そして政府組。古今さまは惜しげもなく長い脚をさらしてなお優雅、地蔵行平は純情可憐、それぞれフェミニンな魅力を持つキャラで、とくに地蔵は途中ガラシャに守られているように見えるシーンさえありました。使命を守らねばという意識とともに、それぞれが体現する物語の影響を受け懊悩する二振りの表情が魅力的で、ずっとオペラグラスでアップにして観ていました。そのせいで古今さまの左膝のサポーターも見えました。お二人に限らず、皆様故障のないように、とご祈念申し上げます(パンフレットを読んだら、和田さんが刀剣男士の必需品として折りたたみ式マットレスを地方公演には持ち込むんだと話されていました)。

綺伝パンフ
科白劇と同じものに見えて購入するかどうか迷ったパンフ

今回打刀メインで殺陣に武器の違いによる面白みはあまりないのかなあと思っていたのですが、敵方の武器が多彩で、それぞれにどう抗するか、どう攻略するかという見どころがありよかったです。

明言される敵のねらい

この「綺伝」では、シリーズのクライマックスであった「悲伝」以降、ところどころさりげなく埋め込まれてきた不穏の種が、花を咲かせるまではいかなくとも、一斉にその芽を吹きはじめています。
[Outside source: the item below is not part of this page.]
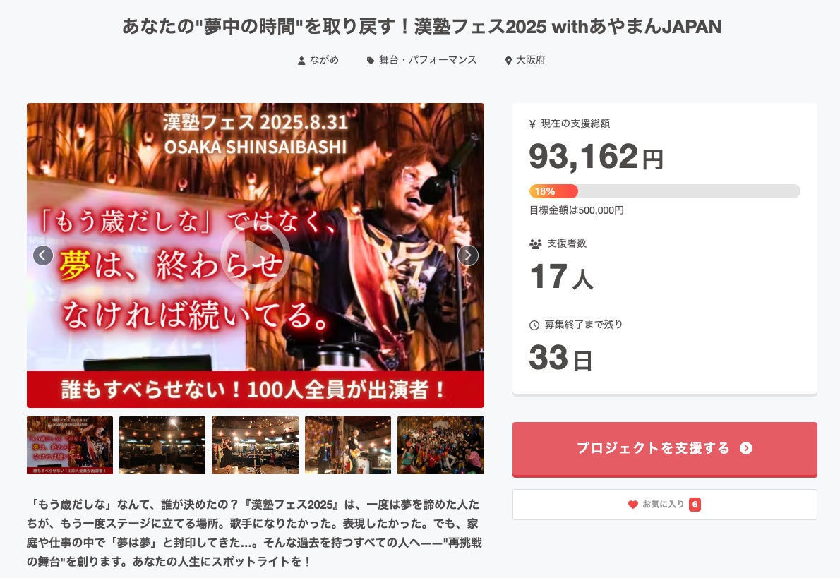 17名のあなたから93,162円のご支援をいただいております!応援いただきありがとうございます!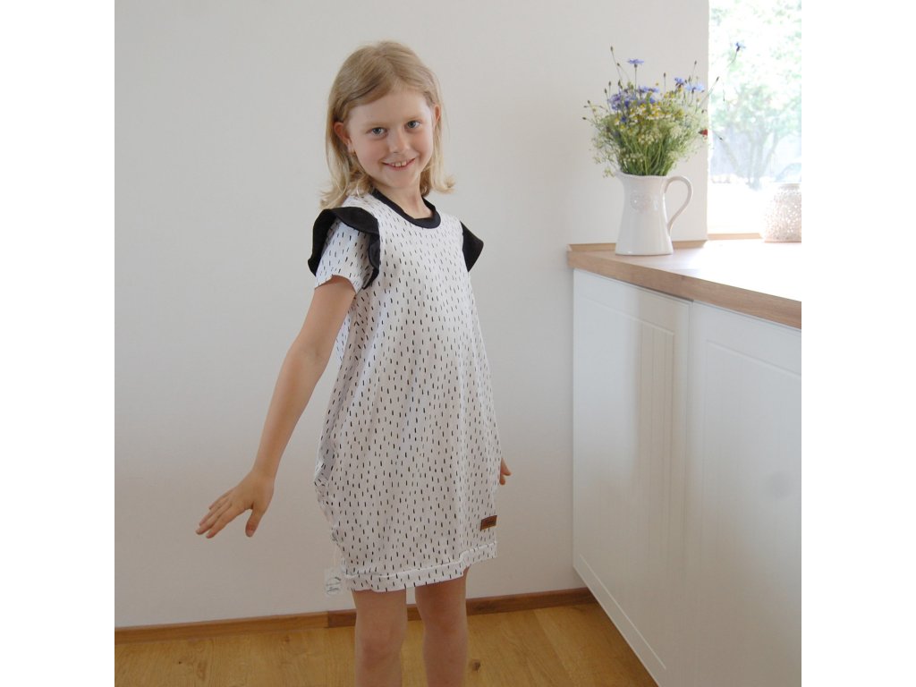 Dětské šaty jsou volného pohodlného střihu, v boční části mají trojúhelníkové vnitřní kapsy. Šaty jsou s krátkým rukávem vhodné na období od jara do podzimu.

「慈伝」で描かれた、近侍・山姥切国広の修行への旅立ち。
「維伝」に登場した、男士たちの太刀筋を再現して見せる不気味な遡行軍打刀。政府に目をつけられている、厄介事を押しつけられているという自覚。鶴丸と小烏丸の暗躍。
そして昨年の「天伝」「无伝」を通じ、時代的には過去の人物であるにも関わらず不気味な存在感を示した黒田官兵衛。
政府から三日月宗近の監視を指示されていたはんじんと大千鳥。
「どこの三日月宗近も厄介だ」という大千鳥の台詞の意味。
未来のステ本丸から来た(と思われる)太閤左文字からもたらされた、山姥切国広失踪の知らせ。

それらの中心にある人物は、――黒田官兵衛。

かれの「ジョ伝」での登場は、ごく自然なものに思えました。史実・小田原征伐において、かれは秀吉同様、非常に重要な立役者の一人でした。それが遡行軍の存在を自力で探り当て、その力を知り、信長、秀吉という傑物を前に一度は胸に秘めた野心を呼び醒まされ――ということの成り行きも感情の流れとしては理解できるものでした。結局は
「父にはそんな人智を超える力を借りてまで戦国の世の覇者になってほしくない、人であってほしい」という、その子長政によって野望を阻止される顛末も。

ところが「科白劇」では――当然この「綺伝」でも――黒田孝高として慶長熊本に参集し、大友宗麟の軍師をつとめるかれが、きりしたん大名としても軍師としてもいかにも凡庸なのです。その凡庸さが第一に不自然であり、さらにまた、きりしたんがその信仰のゆえに歴史を変えたいと思うなら、その転換点は慶長熊本ではなく島原の乱であるべきではないかとも、男士ならずとも思わされます。
その辺りには「科白劇」本丸の長義も疑問を持っていましたが、ステ本丸の長義はもっと直截にこの謎に切り込み、それゆえに「科白劇」でははっきりと触れられなかった官兵衛の、そして遡行軍のねらいが、「綺伝」では明確に、官兵衛の口から述べられます。

歴史を物語に変え、物語を歴史に変える。それによって――。

これ、言明されたらされたで却って謎が深まるような理由だったのですが(誰がどっちの味方なのか? みたいな混乱がある)、それはともかくとして、やたら「維伝」以降、誰かが誰かを模倣している意味はわかったような気がします。歴史と物語と、互いに相互を模倣させようという呪術めいた行為なのかなと。
今回「綺伝」では黒田官兵衛がしきりに山姥切国広の台詞(「名前などどうでもいい」「刃以て語らおう」等)を口にして長義を挑発しますし、「維伝」も謎の打刀の太刀筋が三日月宗近を、山姥切国広を、鶴丸国永を思わせる下りがあります。後者については太刀筋がその正体を示しているのかとドキドキしていましたが、なるほど意図して模倣していたのか、と。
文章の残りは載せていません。